This project is a Python-based web scraping and data visualization project using the Scrapy, pymongo, and Dash libraries. The goal is to scrape data from books.toscrape.com, store it in a MongoDB database, and create a dashboard to search and visualize the scraped book data.
- Installation
- Usage
- Project Structure
- Scraping
- Dashboard
- Automatic execution with anacron
- Contributing
-
Clone the repository:
git clone [email protected]:kstarkiller/simplon_brief08_web_scrapping.git
-
Navigate to the project directory:
cd simplon_brief08_web_scraping (or whatever you named this project)
-
Install the required dependencies:
pip install -r dash/requirements.txt
To scrape data from books.toscrape.com, you first have to install MongoDB and create your user (if not already done): without this step you won't be able to run scraping process. See instructions to install MongoDB and create an user below
In spider.py and main.py, replace MONGO_USR and MONGO_PWD variables by your MongoDB username and password (see lines 14 and 15 of the spider.py file and line 23 of the main.py)
Then you can run the following command: scrapy crawl myspider
This command will initiate the scraping process and save the scraped data in 'books' collection of 'scraped_books' database.
To launch the dashboard, run the following command: python dash/main.py
Visit http://localhost:8050/ in your web browser to interact with the dashboard. You can search for books and visualize some data points.
To crawling books.toscrape.com website every day (monday to friday) automatically go the ~/etc/anacrontab and write this line and the end of the file :
1 15 spider [1-5] "~/path/to/your/file"
What means this line ?
- 1: Specifies that the command should be executed every day.
- 15: Represents the delay in minutes.
- spider: Is the identifier for the job.
- [1-5]: This specifies the range of days from Monday (1) to Friday (5). So, the command will only be executed on days 1 through 5 (Monday to Friday).
- /path/to/your/file: Is the path to the program or script that will be executed.

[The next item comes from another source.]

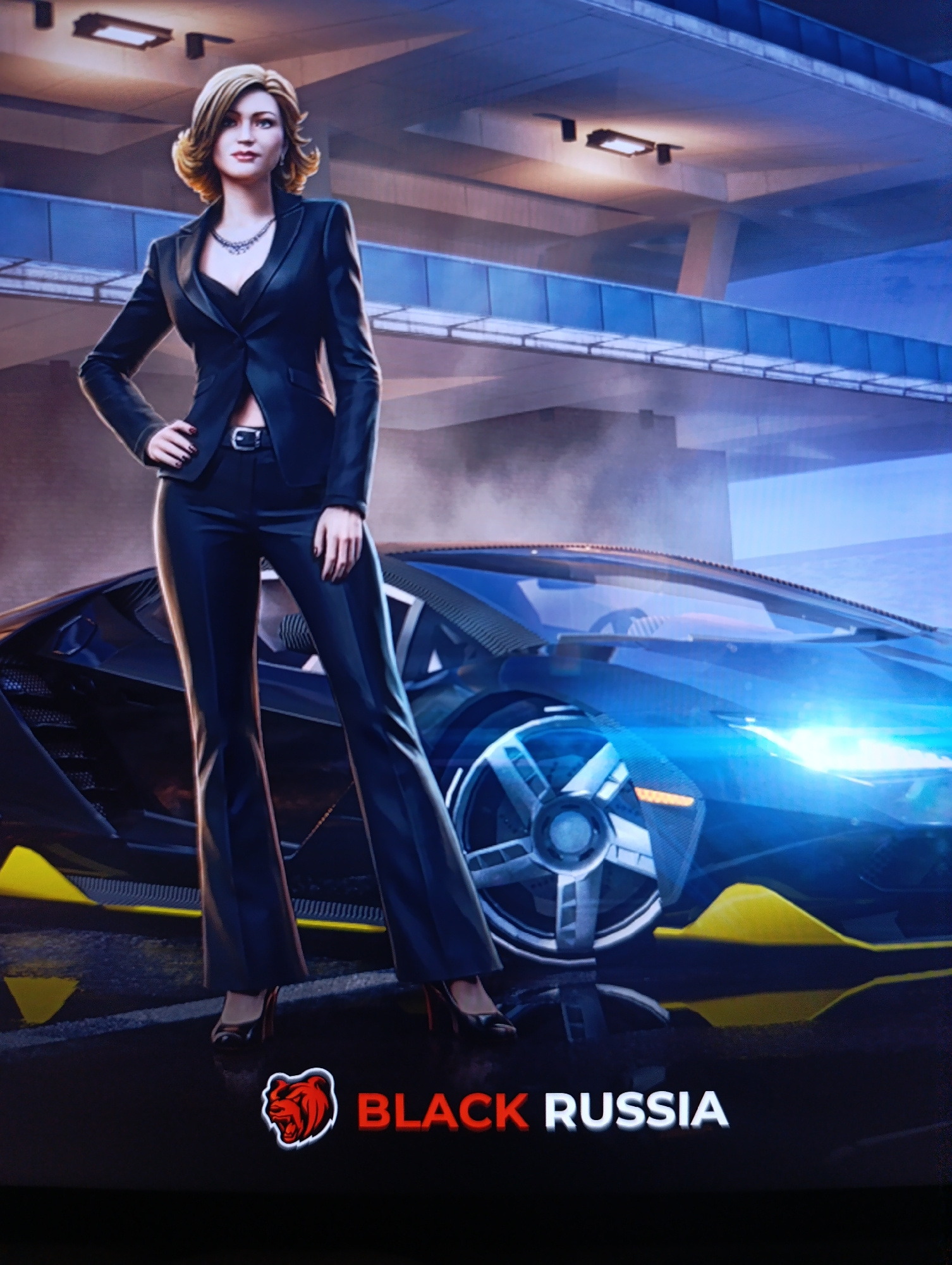 A color image shows a woman standing in front of a car with the words “BLACK RUSSIA” at the bottom. The woman has blonde hair and is wearing a black pantsuit and high heels. She is standing with her h…read more

simplon_brief08_web_scraping/
├── scraping/
│ ├── myproject/
│ │ ├── spiders/
│ │ │ ├── _init_.py
│ │ │ └── spider.py
│ │ ├── _init_.py
│ │ ├── items.py
│ │ ├── middlewares.py
│ │ ├── pipelines.py
│ │ └── settings.py
│ └── scrapy.cgf
├── dash/
│ ├── assets
│ │ ├── icons/
│ │ │ ├── logo.svg
│ │ │ └── search_icon.svg
│ │ └── style.css
│ ├── main.py
│ └── requirements.txt
├── api/
│ └── traduction_api.py
├── .gitignore
└── README.md
- scraping/ : Contains the Scrapy spider for scraping book data.
- spider.py: Script to scrape data and store them in a MongoDB database.

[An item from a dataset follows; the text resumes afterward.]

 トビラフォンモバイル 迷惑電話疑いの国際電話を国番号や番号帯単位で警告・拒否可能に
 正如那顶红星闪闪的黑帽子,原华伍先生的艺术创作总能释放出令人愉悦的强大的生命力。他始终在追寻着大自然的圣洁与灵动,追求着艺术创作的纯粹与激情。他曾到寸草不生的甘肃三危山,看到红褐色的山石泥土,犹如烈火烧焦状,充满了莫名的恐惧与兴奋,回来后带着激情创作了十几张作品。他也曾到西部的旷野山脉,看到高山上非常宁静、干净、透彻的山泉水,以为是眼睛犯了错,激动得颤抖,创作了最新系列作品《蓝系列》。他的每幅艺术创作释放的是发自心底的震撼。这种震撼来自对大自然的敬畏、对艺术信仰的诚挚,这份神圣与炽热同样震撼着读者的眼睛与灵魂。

- main.py: Script to create and launch the Dash dashboard.
- requirements.txt: Lists the required Python libraries and versions.
- README.md: Project documentation.
Feel free to contribute to this project by opening issues or submitting pull requests. Your input is highly appreciated.
This guide will walk you through the process of installing MongoDB on Ubuntu and creating a user with read and write permissions.
sudo apt update
sudo apt install -y mongodb
sudo systemctl start mongod
sudo systemctl enable mongod
mongosh
use admin
Replace username and password with your desired values.
db.createUser({
user: "username",
pwd: "password",
roles: [
{ role: "readWrite", db: "your_database" }
]
})
Make sure to replace your_database with the name of the database you want to grant read and write permissions to.
exit
mongo -u username -p password --authenticationDatabase your_database
Replace username, password, and your_database with your specified values.
use your_database
db.getCollectionNames()
This should display the collections in your database, confirming that the user has read and write permissions.